When the object is pulled to the left or right of its equilibrium position and released, the weight of the object pulls straight
down while the tension in the string pulls upward at an angle. These two concurrent forces produce a resultant or net force that accelerates
the mass almost horizontally. When the mass returns to its equilibrium position, the weight of the object and the tension in the string are
equal and opposite so they cancel out. Because there is no net force, the acceleration of the mass is zero but it has attained its maximum
velocity. As soon as the weight passes through the equilibrium position, there again is an unbalanced force acting on the weight. However,
this force is again acting toward the equilibrium position opposing the motion, so the weight slows down until it reaches zero velocity.
**

To summarize, this net force or restoring force depends on the displacement from the equilibrium position and is always directed toward the equilibrium position.
The weight has its maximum acceleration at the amplitude (where it is changing direction) and a zero velocity. As the weight passes through the
equilibrium position, it has a zero acceleration, a zero restoring force, and its maximum velocity.

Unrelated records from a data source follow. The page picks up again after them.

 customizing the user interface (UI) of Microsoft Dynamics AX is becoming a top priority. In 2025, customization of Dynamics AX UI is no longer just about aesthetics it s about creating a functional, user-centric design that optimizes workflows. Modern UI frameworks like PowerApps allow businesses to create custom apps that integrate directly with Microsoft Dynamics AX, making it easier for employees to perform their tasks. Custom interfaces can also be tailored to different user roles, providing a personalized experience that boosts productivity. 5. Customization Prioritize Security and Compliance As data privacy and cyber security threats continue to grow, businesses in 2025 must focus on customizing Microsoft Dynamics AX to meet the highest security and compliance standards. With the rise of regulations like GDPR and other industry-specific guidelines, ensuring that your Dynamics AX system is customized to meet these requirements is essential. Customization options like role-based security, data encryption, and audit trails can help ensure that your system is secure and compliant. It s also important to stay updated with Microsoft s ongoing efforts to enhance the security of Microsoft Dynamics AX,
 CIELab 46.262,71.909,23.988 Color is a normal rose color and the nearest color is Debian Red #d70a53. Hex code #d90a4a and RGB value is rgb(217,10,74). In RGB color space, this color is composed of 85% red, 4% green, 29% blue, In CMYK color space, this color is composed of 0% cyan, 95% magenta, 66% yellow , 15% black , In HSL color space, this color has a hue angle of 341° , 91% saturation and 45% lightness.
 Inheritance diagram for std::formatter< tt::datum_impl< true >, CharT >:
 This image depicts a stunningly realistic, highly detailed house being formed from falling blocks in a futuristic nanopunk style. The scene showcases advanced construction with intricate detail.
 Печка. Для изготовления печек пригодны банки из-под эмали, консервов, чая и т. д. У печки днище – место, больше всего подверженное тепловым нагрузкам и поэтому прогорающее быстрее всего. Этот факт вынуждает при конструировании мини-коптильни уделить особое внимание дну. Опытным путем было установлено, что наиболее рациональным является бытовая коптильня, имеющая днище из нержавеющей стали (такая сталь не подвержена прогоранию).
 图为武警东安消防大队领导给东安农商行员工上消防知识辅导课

The period (T) is the time required for one complete vibration and the frequency (f) is the number of complete vibrations which occur in one second.
The amplitude (A) is the maximum displacement from the equilibrium position. A more detailed explanation of the remaining symbols can be found by
clicking on the Directions button.

There is *no* need to enter units with the input values. The Units option box determines the necessary units and the value for g. When
the amplitude (A) is assigned a value and the displacement (x) equals zero, the values v, a, Fr, KE, and PE are maximum values. If *both*
the amplitude and displacement are assigned values, the values v, a, Fr, KE, and PE correspond to the displacement. If you are solving for g, you
*must* indicate this by entering a "-1" for the value of g.

When entering a value, you may use an expression. For example, if the amplitude is 5 inches, you may enter 5/12 and the value will be converted to feet.